The Women's Cricket Association of India (WCAI) was the national governing body of women's cricket in India. It was founded in 1973 at Pune, Maharashtra. It was merged into the Board of Control for Cricket in India (BCCI) in 2007. Premala Chavan, a Member of Parliament was its first president. 

Its team the India women's national cricket team represented India in women's international cricket.

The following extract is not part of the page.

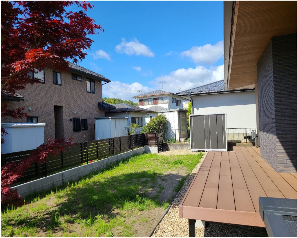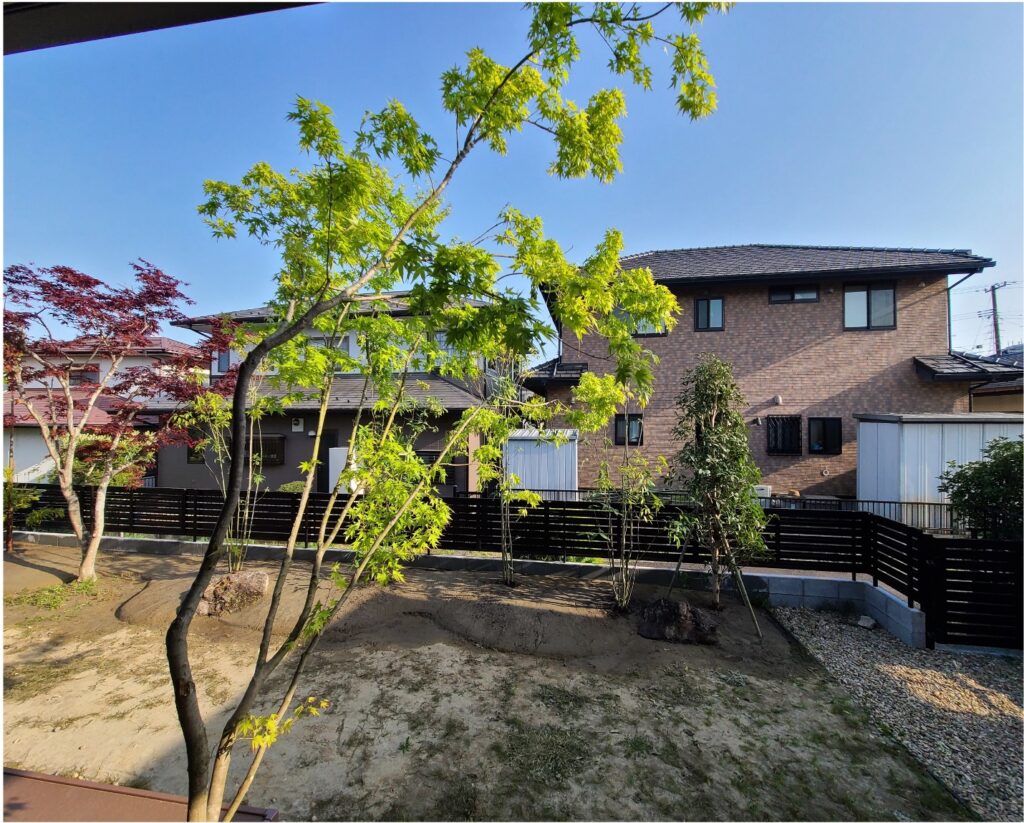 また、当初K様邸のお庭には、紅葉の木が一本あるのみで、道路や隣地からの視線を遮るものがありませんでした。そこで、将来的に目隠しとしても機能するようにと、常緑樹であるシラカシを数本植栽させていただきました。すぐに視線を遮れるわけではありませんが、時間をかけて育っていくことで、庭に緑の壁をつくってくれる存在になります。成長を楽しみにしていただけるようなお庭になればと願っております。

After its merger the team is govern by BCCI.

History 
While women played cricket in India in significant numbers since early 1970's, there was no organization as such until the formation of WCAI by Mahendra Kumar Sharma - it was registered by him as the founder secretary in 1973 in Lucknow under the Indian Societies Act. 

Following the international boycott of South Africa, the 1978 Women's Cricket World Cup was shifted to India and organized by WCAI.

Nutan Gavaskar, the sister of Sunil Gavaskar, was a honorary general secretary of WCAI.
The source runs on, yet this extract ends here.